177Lu-Labeled Antibodies for EGFR-Targeted SPECT/CT Imaging and Radioimmunotherapy in a Preclinical Head and Neck Carcinoma Model

放射免疫疗法 西妥昔单抗 帕尼单抗 医学 表皮生长因子受体 免疫疗法 核医学 癌症研究 Spect成像 抗体 单克隆抗体 癌症 内科学 免疫学
作者
Zhaofei Liu,Teng Ma,Hao Liu,Zhongxia Jin,Xianlei Sun,Huiyun Zhao,Jiyun Shi,Bing Jia,Fang Li,Fan Wang
出处
期刊:Molecular Pharmaceutics [American Chemical Society]

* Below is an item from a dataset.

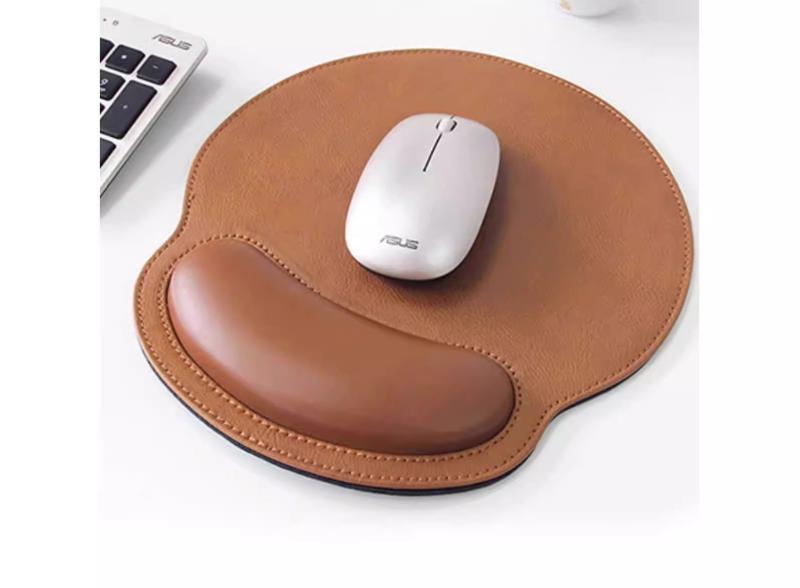マウスパッド 手首 クッション レザー オフィス キーボード リストレスト 滑り止め 黒 茶色 円形・・・
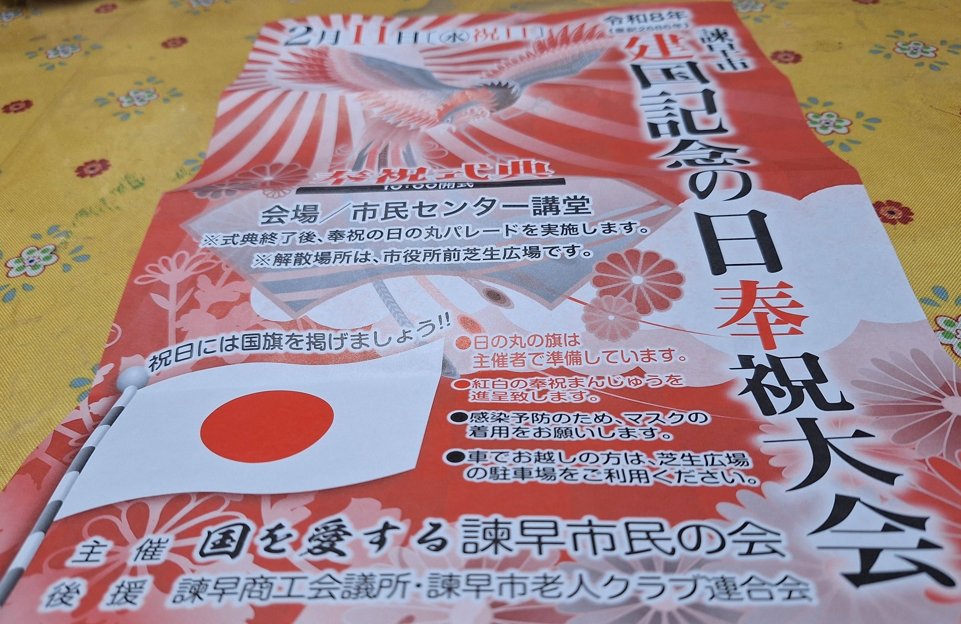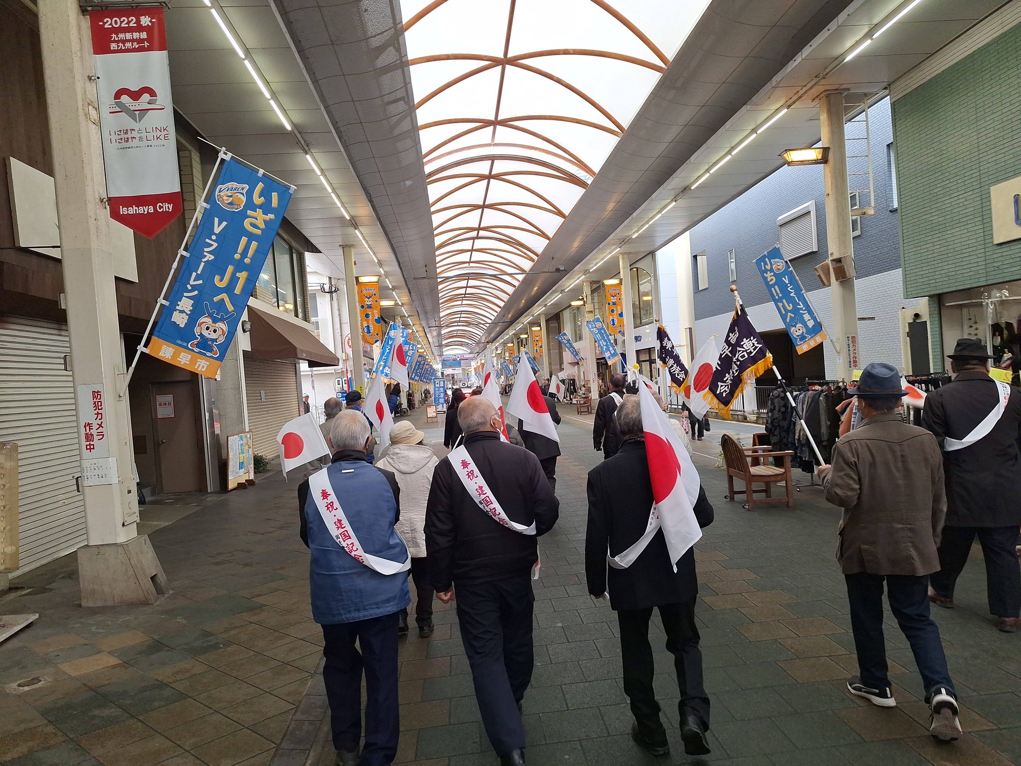 その後日の丸パレードで市民センタ―からア―ケ―ドを1周し市役所前広場で万歳三唱で締めくくり、紅白饅頭が配布され、皇紀2686年の奉祝大会を終了しました。

卷期号:11 (3): 800-807 被引量:42
标识
DOI:10.1021/mp4005047
摘要

Epidermal growth factor receptor (EGFR) has been well characterized as an important target for cancer therapy. Immunotherapy based on EGFR-specific antibodies (e.g., panitumumab and cetuximab) has shown great clinical promise. However, increasing evidence has indicated that only a subgroup of patients receiving these antibodies will benefit from them, and even patients who do initially experience a major response may eventually develop therapeutic resistance. In this study, we investigated whether panitumumab and cetuximab can serve as delivery vehicles for tumor-targeted radionuclide therapy in a preclinical tumor model that did not respond to immunotherapy. The in vitro toxicity and cell binding properties of panitumumab and cetuximab were characterized. Both antibodies were conjugated with 1,4,7,10-tetraazadodecane-N,N',N",N"'-tetraacetic acid (DOTA) and radiolabeled with (177)Lu. Small-animal SPECT/CT, biodistribution, and radioimmunotherapy (RIT) studies of (177)Lu-DOTA-panitumumab ((177)Lu-Pan) and (177)Lu-DOTA-cetuximab ((177)Lu-Cet) were performed in the UM-SCC-22B tumor model. Both (177)Lu-Pan and (177)Lu-Cet exhibited favorable tumor targeting efficacy. The tumor uptake was 20.92 ± 4.45, 26.10 ± 5.18, and 13.27 ± 1.94% ID/g for (177)Lu-Pan, and 15.67 ± 3.84, 15.72 ± 3.49, and 7.82 ± 2.36% ID/g for (177)Lu-Cet at 24, 72, and 120 h p.i., respectively. RIT with a single dose of 14.8 MBq of (177)Lu-Pan or (177)Lu-Cet significantly delayed tumor growth. (177)Lu-Pan induced more effective tumor growth inhibition due to a higher tumor uptake. Our results suggest that panitumumab and cetuximab can function as effective carriers for tumor-targeted delivery of radiation, and that RIT is promising for targeted therapy of EGFR-positive tumors, especially for those tumors that are resistant to antibody-based immunotherapy.